**ASSIGNMENT**
Starting at the line that contains "Императрица – дочь", copy every line through the end of the records below exactly as written, leaving out pictures.

MATERIAL SUPPLIED section start

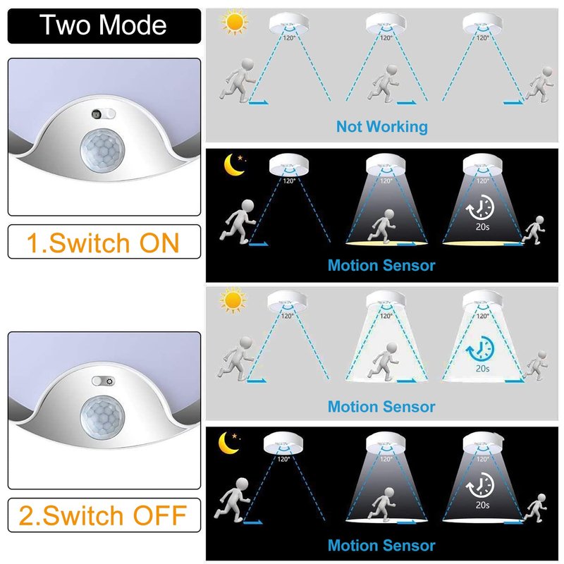 - 【Two modes available】There is a switch nearby the motion sensor, slide the switch to turn on/shut off the photocell sensor. When it is ON, the closet lights will keep off under daytime and only could be motivated on at night; when it is OFF, the light could be motivated on all day long.
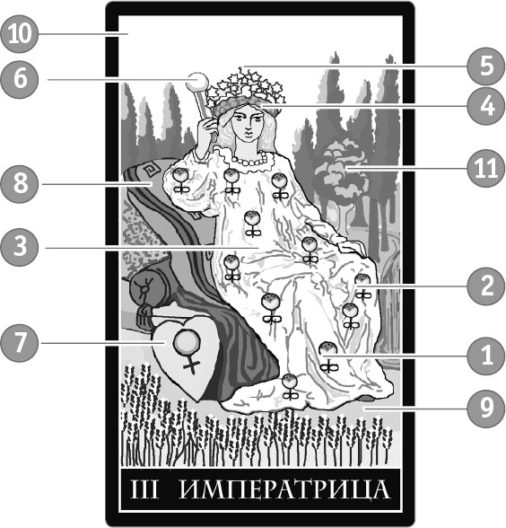 Императрица – дочь Великой Праматери и сама Великая Мать, врата, через которые открывается вход в земную жизнь. В ней нет сумеречных лунных черт Жрицы, она воплощает собой даяние – природу, плодородие, творчество. Это земная мать с ее любовью, чуткостью, которая, однако, может обернуться и злой мачехой с жадным, завистливым нравом, жаждой удовольствий и фальшью.
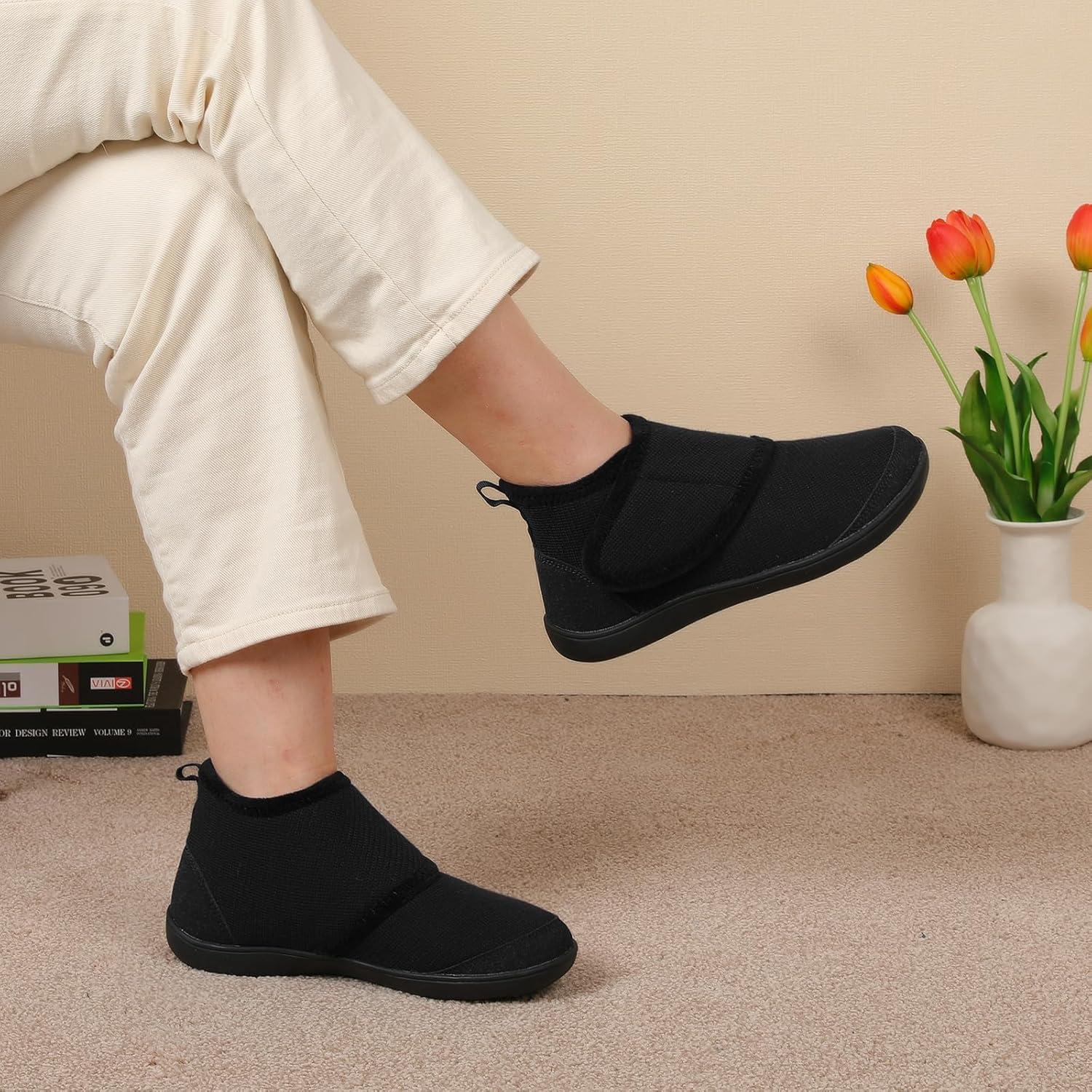LeIsfIt Slipper Boots for Women Wide Warm House Shoes Non-slip Diabetic Winter Shoes Adjustable Bootie Slippers for Indoor & Outdoor(Black)
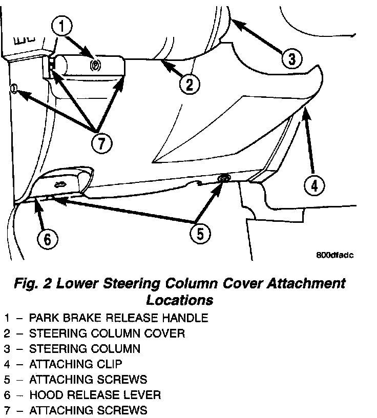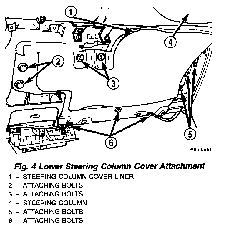 3. Remove the screws attaching the lower steering column cover to the instrument panel. Remove the lower trim panel from the lower instrument panel.
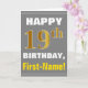 Bold, Grey, Faux Gold 19th Birthday w/ Name Card
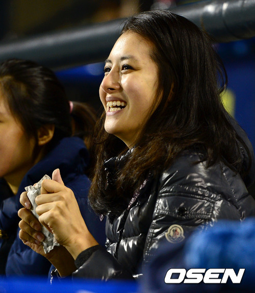 1일 오후 서울 잠실구장에서 열린 '2012 팔도 프로야구' 삼성 라이온즈와 SK 와이번스의 한국시리즈 6차전, 삼성 이승엽의 아내 모델 이송정이 관중석에서 경기를 바라보며 활짝 웃고 있다.

MATERIAL SUPPLIED section end

**EXERCISE RESPONSE**
 Императрица – дочь Великой Праматери и сама Великая Мать, врата, через которые открывается вход в земную жизнь. В ней нет сумеречных лунных черт Жрицы, она воплощает собой даяние – природу, плодородие, творчество. Это земная мать с ее любовью, чуткостью, которая, однако, может обернуться и злой мачехой с жадным, завистливым нравом, жаждой удовольствий и фальшью.
LeIsfIt Slipper Boots for Women Wide Warm House Shoes Non-slip Diabetic Winter Shoes Adjustable Bootie Slippers for Indoor & Outdoor(Black)
 3. Remove the screws attaching the lower steering column cover to the instrument panel. Remove the lower trim panel from the lower instrument panel.
 Bold, Grey, Faux Gold 19th Birthday w/ Name Card
 1일 오후 서울 잠실구장에서 열린 '2012 팔도 프로야구' 삼성 라이온즈와 SK 와이번스의 한국시리즈 6차전, 삼성 이승엽의 아내 모델 이송정이 관중석에서 경기를 바라보며 활짝 웃고 있다.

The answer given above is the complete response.